An expensive, unintended tax result may occur simply from the lack of a timely filed Form 8832. Clients either have no idea of the tax issues involved, or assume that a timely election can be filed with the U.S. shareholder’s tax return for the tax year within which the foreign legal entity was established…generally due March 15th of the following year for a calendar year corporation…before the normal 6 month extension for large corporation. Hence, the discovery of this issue in September of, say, 2009 as the extended return is finalized for filing on September 15th, for an entity set-up in, say, March of 2008, is a big problem.
Private Letter Ruling 200916013 (issued January 8, 2009) gave a taxpayer an additional 60 days from the date of the PLR to make a late election. The PLR is the exercise the of the Commissioner’s authority under Internal Revenue Code Section 301.9100-1(c) to allow a “reasonable” extension. The extension in the letter ruling states the “taxpayer established to the satisfaction of the Commissioner that (1) the taxpayer acted reasonably and in good faith (which I read to mean it was just an honest mistake), and (2) granting relief will not prejudice the interest of the government.

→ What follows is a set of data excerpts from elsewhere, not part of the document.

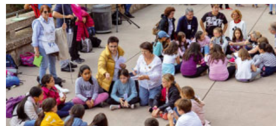
Participants al Tren Missioner, realitzant activitats a l'explanada del monestir

Al voltant de 400 persones, principalment infants i adolescents, van participar-hi procedents dels arquebisbats i bisbats de Barcelona, Girona, Lleida, Sant Feliu, Vic, Tarragona, Tortosa i l'Urgell, acompanyats per la majoria dels seus bisbes. Un total de 28 grups entre parròquies, escoles i altres grups de pastoral van poder gaudir d'un programa ple d'activitats que anaven des d'espais de música i ball, a estones de reflexió, una Eucaristia i un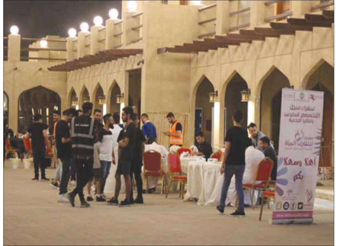
جانب من مهرجان ليالي رمضان وسط العوامية

تقريباً، متوقع ارتفاع وتيرة الزوار من مختلف مناطق الشرقية خلال الأيام القادمة. وقدر المحسن عدد الزوار في الليلة الأولى بنحو 6 آلاف زائر، لافتاً إلى أن الوفرة التصاعديّة لعدد الزوار ستكون خلال الأيام المتبقية، مضيفاً أن فعاليات المسرح الخارجي ستكون حيث ستضمّن الكثير من الفقرات الثقافية الهادفة للأسرة والطفل.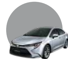
1F7 | SILVER ME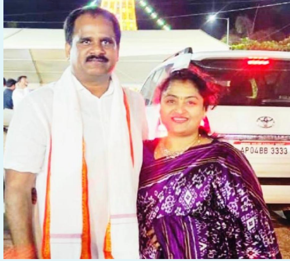
సింహగిరి, సిటిజన్ టైమ్స్, ఏప్రిల్ 20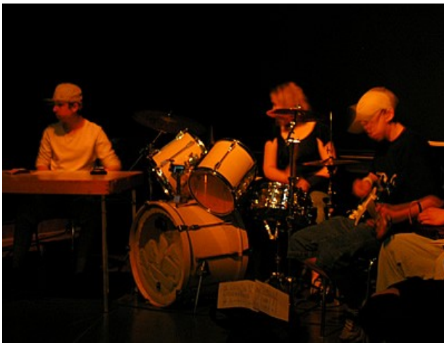
in der Performance

It would be interesting to know more about how the Commissioner makes such a determination. If the U.S. tax due from the U.S. shareholder would have been $1 million without the extension, but is zero due with the extension, does that “prejudice the interest of the government? Or is the interest of the government served by allowing the taxpayer his choice of entity, as he is then stuck with that classification for 5 years. The PLR does not elaborate on this issue. Perhaps more guidance is in the Sec. 9100 regulations. Is the taxpayer required to provide a “with and without” calculation of U.S. taxable income to allow the Commissioner to make his determination?

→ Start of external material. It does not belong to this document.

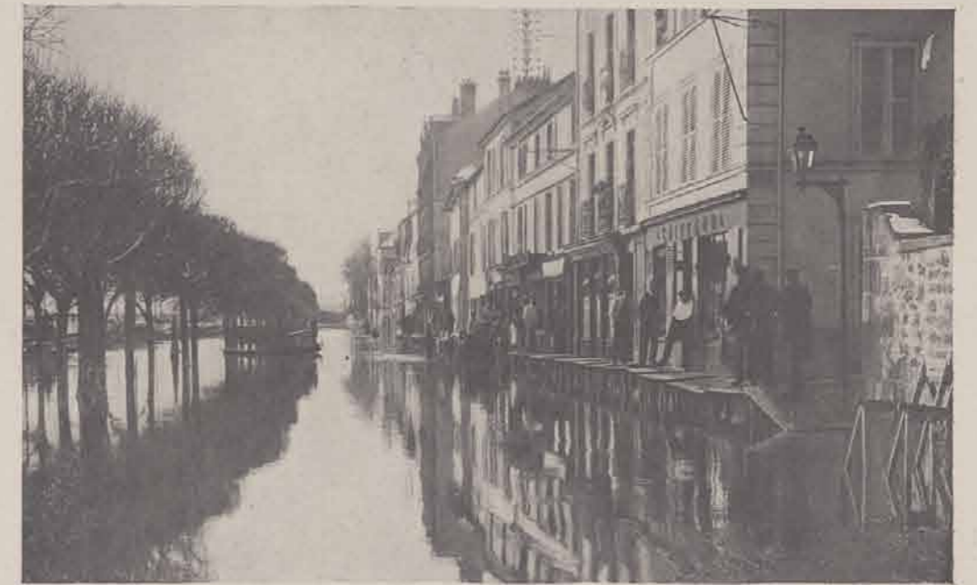
CONFLANS-SAINTE-HONORINE. — Les quais.

That said, it is important to know that a PLR seeking Sec. 9100 relief is available as a last resort if the deadline for filing Form 8832 has been missed. I’d imagine that the PLR filing should be IMMEDIATELY after discovering the missed filing of Form 8832, since, as time passes, it would seem to establish the taxpayer knew what they were doing and intended to do so. Often in Sec. 9100 cases, the taxpayer pleads that they had no idea of the rules and were relying upon their tax advisor who was too busy to identify the issue until, in the tax return preparation process, the tax advisor realizes the consequences of the missed election and/or discovers that the new legal entity was established…long ago.

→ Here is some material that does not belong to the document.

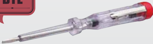
Phasenprüfer, CIMCO-Artikelnr. 11 1280

Diese Methode ist nicht nur sehr unsicher (da der Phasenprüfer unter suboptimalen Umständen nicht einwandfrei funktioniert), sondern zudem auch bei unzulässig hohen Spannungen mit einem großen Risiko behaftet. Aus diesen Gründen stellt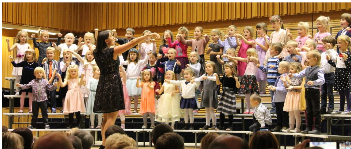
Obrázek č.1 Pěvecký sbor BROUČCI.

Often, the legal department of a corporation is required to inform the tax department or tax advisor of the creation of any new legal entity, in an effort to avoid the above and many other tax planning and tax compliance issues that can arise, when, too late, the tax advisor for a client becomes aware of a new legal entity. Various companies have SOX related requirement to avoid big mistakes that could be material to the financial statements (not to mention cash-flow) as a result of a missed tax election.